I might use Wiki once a month? Not too often.
So far, it seems reliable
Hugs!
Unless a topic is controversial with divided opinions, Wikipedia is a good source of information.
I guess I’m not surprised about the #1 read article when you consider what continues to happen in America politically.
I too am not surprised.
AI is only as good as where it gets its sources from. If they get it from the internet, then you already know how unreliable that can be in many cases. When using AI, what folks must remember is to ask for it to provide it's sources. Once you see where it get's its intel so to speak, you will have a better idea on what you can trust as reliable and what is just online chatter.
I also hold Wikipedia in the same regard since those that input alot of what is posted can be bias and unreliable.
But, as you say AI needs its sources, What happens when AI drives its sources out of business?
@spunkycumfun That's the point, if you don't ask it, it won't tell. No different about where anything comes from. If you can trust the source, then you have the right start. If not, keep looking till you find what you are looking for.
@CallMeMrWrong69 Generally I need three sources saying the same thing before I believe it's true.
@spunkycumfun I go by that rule as well.
I occasionally use Wikipedia. The information I searched seemed accurate. I usually read other sources in addition for a more complete picture. For the Gemini summary on the search results page I usually pass it by. I do read that if I am looking for something specific regarding the steps on a photo editing feature or to find a camera menu setting. On a small number of occasions the info was unclear. In those cases, I go to the vendor documentation. THe AI summary is a shortcut for me.
I've now given up on Google's AI Overview. As you say, Wikipedia is just a start, and in my opinion a good starting place, before looking at other sources. At least Wikipedia, unlike many AI tools, provides sources and references.
@spunkycumfun Yes, the references are quite helpful
I use Wikipedia quite a bit. Maybe not everyday but regularly. I find the results quite accurate (at least as far as I can verify). If does not surprise me that most AI models are directly stealing from it. Isn't that what most grade school kids did when Wikipedia first came out?
. I'll be very interested in the results of your study.
I wonder what AI will do without Wikipedia!
@spunkycumfun I bet it will hallucinate heavily.
@MaxxxPleasure711 It will hallucinate as you say and then just make it up in a trippy way!
I occasionally use Wikipedia to find out what novel a movie is based on so I can read the novel instead.
The novel is often better than the film.
Rarely. No
I can't imagine a Wiki-free life!
Thanks for sharing these top rate Wikipedia Articles, I would not be interested in any of them.
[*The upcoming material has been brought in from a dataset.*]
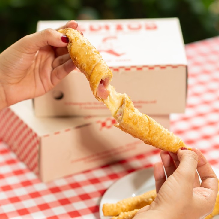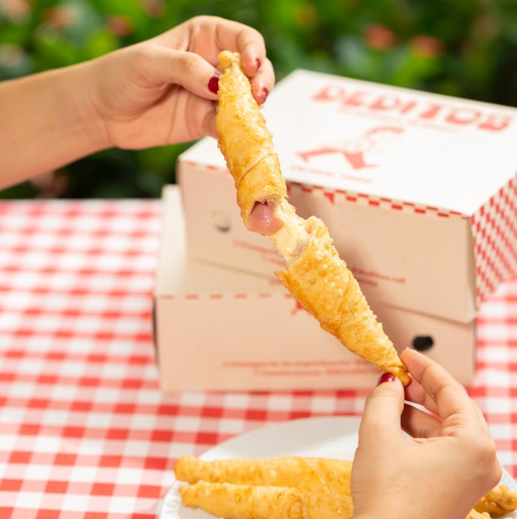 Dedito grande de masa de harina de trigo relleno de jamón y queso.

And I don't use Wikipedia for anything honestly.
I hope your Monday is a marvelous start to your new week my friend..
I haven't searched for any of these 'Top 20' Wikipedia pages.
I use , but not as the sole source. Give it a 50/50 in times was correct. lol ,when most of the corrections and updates are from people based in Virginia , USA , should be a clue
On 14 December 2005, the highly regarded and peer-reviewed journal, Nature, published an article, 'Internet encyclopaedias go head to head', written by Jim Giles. He found that Wikipedia came very close to the Encyclopædia Britannica for accuracy of its science entries.
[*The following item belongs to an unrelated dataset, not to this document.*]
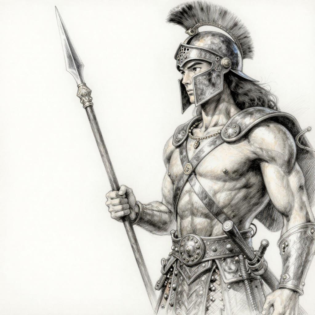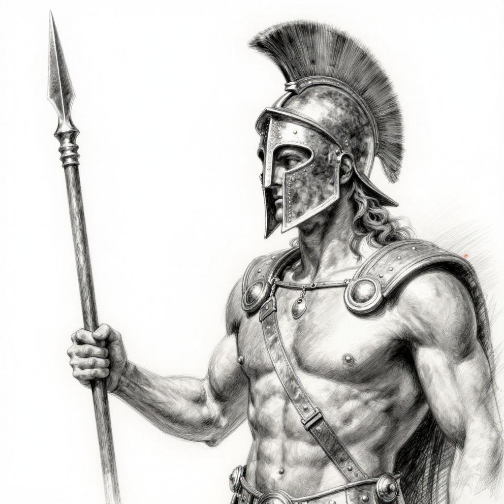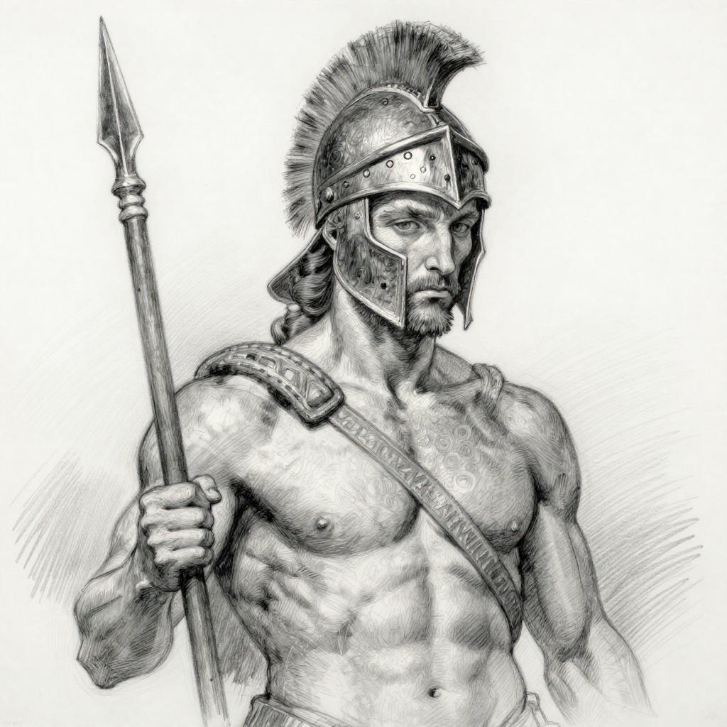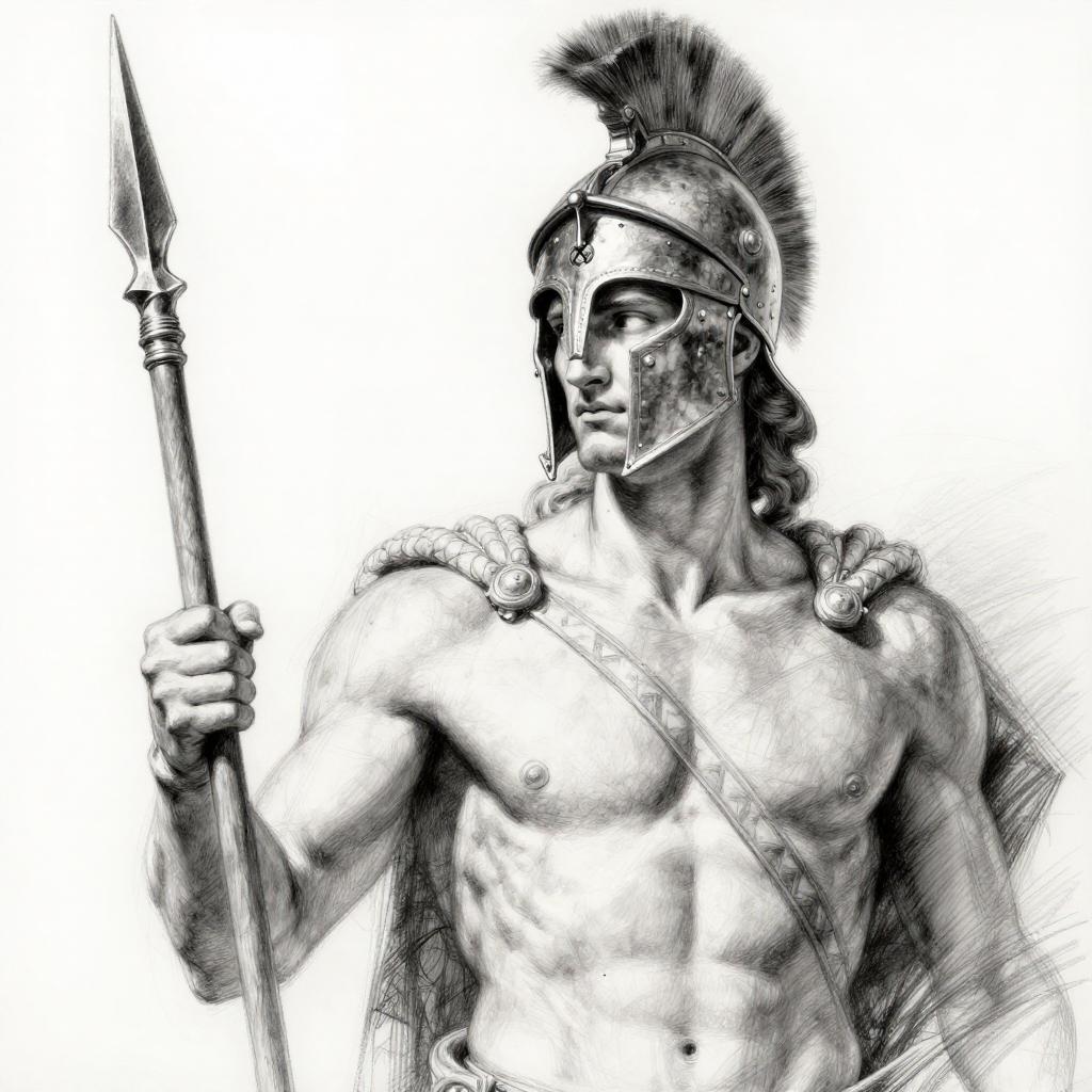 Highly detailed painting of achilles holding a spear and wearing a helmet, a pencil sketch by Eugène Delacroix, trending on artstation, mythology, loose pencil sketch, sketchy, concept art, cinematic, white space

@spunkycumfun Lol. better not let the climate change deniers here that fact
@taurean62dbn The climate change deniers seem few on the ground nowadays. I guess they've morphed into climate change sceptics as evidence isn't on their side.
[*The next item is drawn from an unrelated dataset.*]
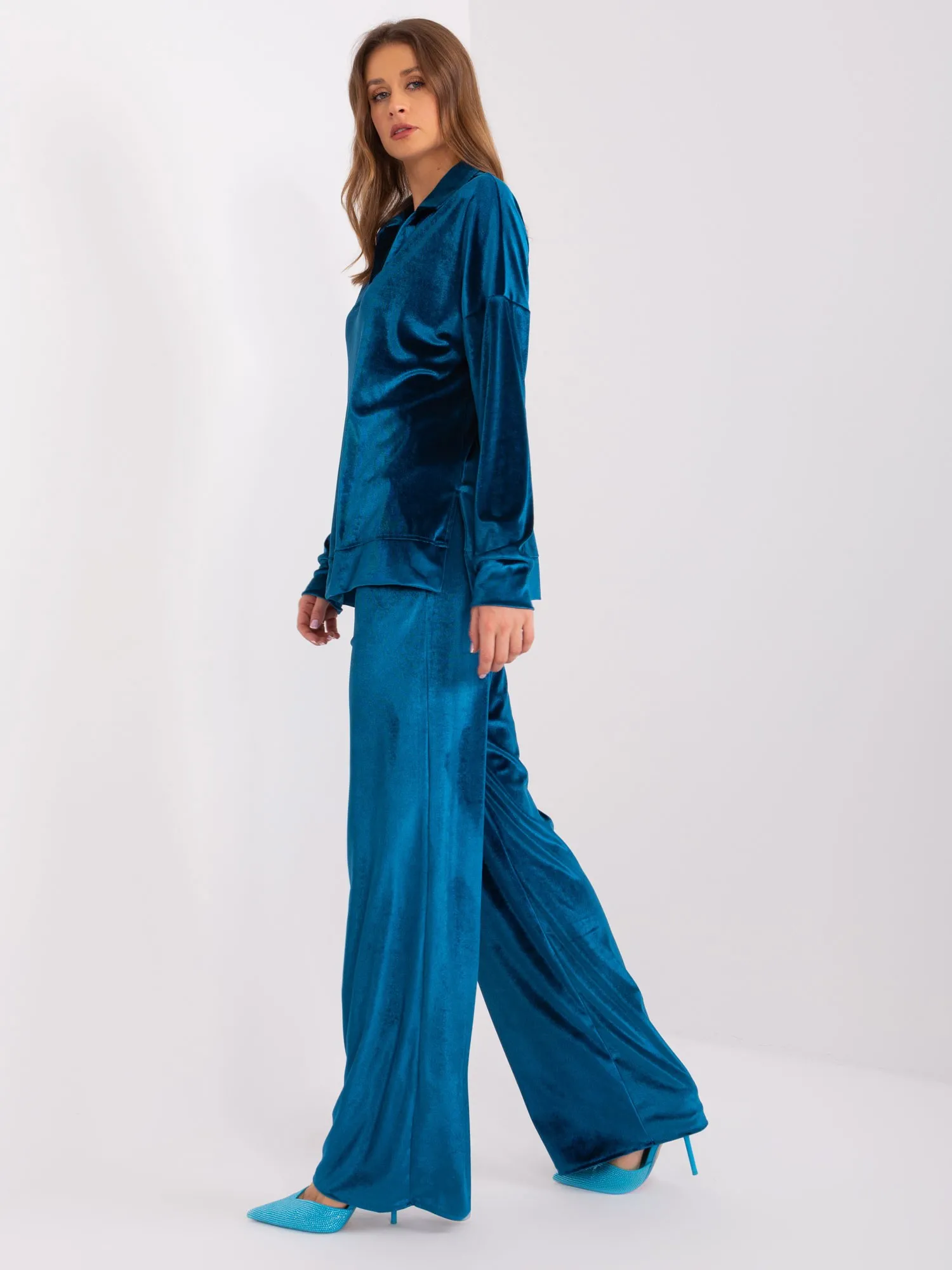 S/M dydžio rinkinio matmenys išmatuoti plokščiai: palaidinės plotis po pažastimis - 60 cm, rankovės ilgis - 65 cm, palaidinės ilgis - 66 cm, kelnių plotis ties juosmeniu - 31 cm, juosmens aukštis - 31 cm, kelnių ilgis - 111 cm.
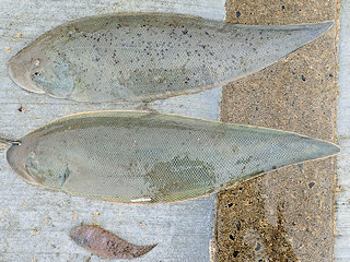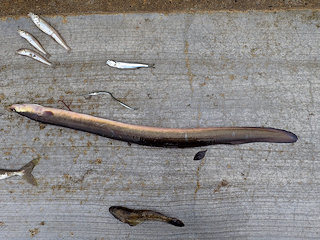 【左】大きなコチ 【右】絶滅危惧種のウナギも

@spunkycumfun Lol. they just the the good book
. The rest fake news 
In general I've found Wikipedia reliable for the "hard facts" that I sometimes struggle with - dates, etc.
Where it could struggle is in interpretation of the significance of events, things that even historical scholars still are divided on.
Wikipedia because it's an open source encylopedia struggles with anything controversial.